JSON.SET task:t1:9001 $ '{
  "taskId": "9001",
  "tenantId": "t1",
  "status": "open",
  "assigneeId": "u123",
  "severity": "high",
  "dueAtEpochMs": 1780000000000,
  "title": "Review suspicious account",
  "tags": ["fraud", "kyc"],
  "customer": {
    "id": "c123",
    "riskTier": "high"
  }
}'

Index:

FT.CREATE idx:task:t1
  ON JSON
  PREFIX 1 task:t1:
  SCHEMA
    $.taskId AS taskId TAG
    $.status AS status TAG
    $.assigneeId AS assigneeId TAG
    $.severity AS severity TAG
    $.dueAtEpochMs AS dueAt NUMERIC SORTABLE
    $.title AS title TEXT
    $.tags[*] AS tags TAG
    $.customer.riskTier AS customerRiskTier TAG

Advantages:

  • expressive document model
  • natural nested/array representation
  • path updates
  • aligns with HTTP API payloads
  • easier for document-centric use cases

Disadvantages:

  • large documents can become expensive
  • deeply nested fields increase indexing/retrieval cost
  • schema drift can silently weaken queries
  • partial updates need discipline
  • canonical domain invariants still belong in the application/database

Production default:

Prefer Hash for flat operational objects. Prefer JSON for nested document read models. Avoid storing huge aggregate objects as one Redis JSON document.


6. Index Field Types

Index schema is where you declare how Redis should interpret fields.

Common field types:

Field typeUse forExample
TAGexact match, enums, IDs, categoriesstatus, tenantId, assigneeId, sku, country
TEXTtokenized full-text searchtitle, description, comment body
NUMERICrange queries, numeric filtersprice, dueAt, score, amount
GEOgeospatial filteringstore location, device location
VECTORembedding similarity searchsemantic document retrieval
GEOSHAPEshape-based geo queries where supportedpolygons, regions

6.1 TAG Fields

Use TAG for exact values.

Examples:

@status:{open}
@tenantId:{t1}
@assigneeId:{u123}
@category:{laptop}

Design rule:

IDs, enums, and low-to-medium cardinality categories should usually be TAG, not TEXT.

Common mistake:

status TEXT

Then you accidentally rely on tokenization and text semantics for an enum.

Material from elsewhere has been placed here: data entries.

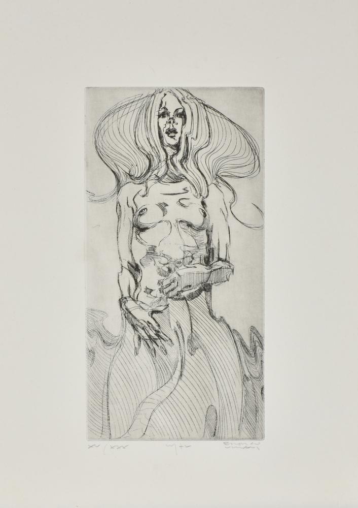Villani Enrico FIGURA FEMMINILE incisione su carta, cm 48x34 (lastra cm 31,5x16,5) esemplare XV su XXX sul fronte: firma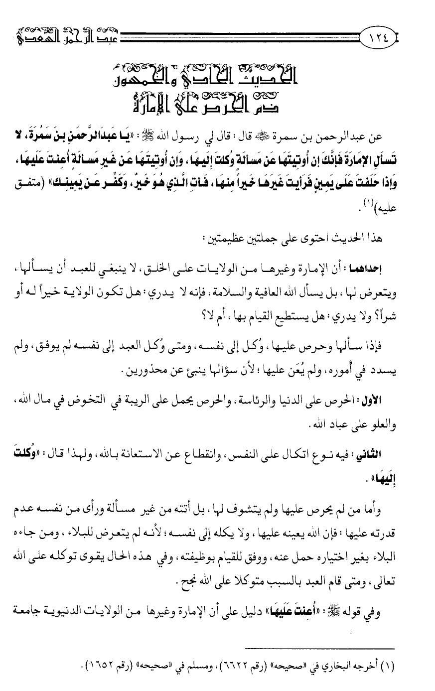 عَنْ عَبْدِ الرَّحْمَنِ بْنِ سَمُرَةَ رضي الله عنه قَالَ: قَالَ لِي رَسُولُ اللَّهِ صلى الله عليه وسلم: "يَا عَبْدَ الرَّحْمَنِ بنَ سَمُرَةَ، لَا تَسْأَلِ الْإِمَارَةَ، فَإِنَّكَ إِنْ أوتيتها عن مسألة وكِّلت إليها، وإن أوتيتها عن غَيْرِ مَسْأَلَةٍ أُعِنْتَ عَلَيْهِا. وَإِذَا حَلَفْتَ عَلَى يَمِينٍ فَرَأَيْتَ غَيْرَهَا خَيْرًا مِنْهَا، فائْتِ الَّذِي هو خير، وكفِّر عن يمينك" متفق عليه1.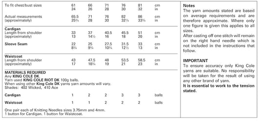 King Cole Knitting Pattern No. 3485 Cardigan & Waistcoat (DK)

That creates weird behavior.

6.2 TEXT Fields

Use TEXT for human language.

Examples:

@title:fraud
@description:("identity mismatch")

Use cases:

  • title search
  • description search
  • note/comment search
  • product name search
  • policy text search

Avoid using TEXT for:

  • IDs
  • status values
  • tenant IDs
  • exact categories
  • timestamps

6.3 NUMERIC Fields

Use NUMERIC for range filters:

@price:[100 500]
@dueAt:[-inf 1780000000000]
@riskScore:[80 100]

Important:

Store time as epoch milliseconds or epoch seconds consistently. Do not mix formats across documents.

6.4 SORTABLE Fields

A field can be indexed for sorting. Sorting adds cost. Only mark fields sortable if the query contract needs them.

Good candidates:

  • createdAt
  • updatedAt
  • dueAt
  • price
  • score
  • priority

Bad candidates:

  • huge text
  • rarely used fields
  • high-cardinality fields without sort use case

7. Key Prefix and Index Boundary

Redis Search indexes keys by prefix. Prefix design becomes part of your schema.

Good:

task:{tenantId}:{taskId}
product:{catalogId}:{sku}
session:{tenantId}:{sessionId}
case:{tenantId}:{caseId}

Index per tenant:

FT.CREATE idx:task:t1 ON JSON PREFIX 1 task:t1: SCHEMA ...

Index across tenants:

FT.CREATE idx:task ON JSON PREFIX 1 task: SCHEMA $.tenantId AS tenantId TAG ...

Trade-off:

ModelProsCons
Index per tenantisolation, small blast radius, easier delete/rebuildmany indexes, operational overhead
Shared index with tenant fieldfewer indexes, easier global querystrict tenant filter required, bigger index, noisy neighbor risk
Index per domain/versionclean migration boundarymore index lifecycle work

Production rule:

Tenant isolation should not rely only on the application remembering to add @tenantId:{...} to every query if the data has strong isolation requirements.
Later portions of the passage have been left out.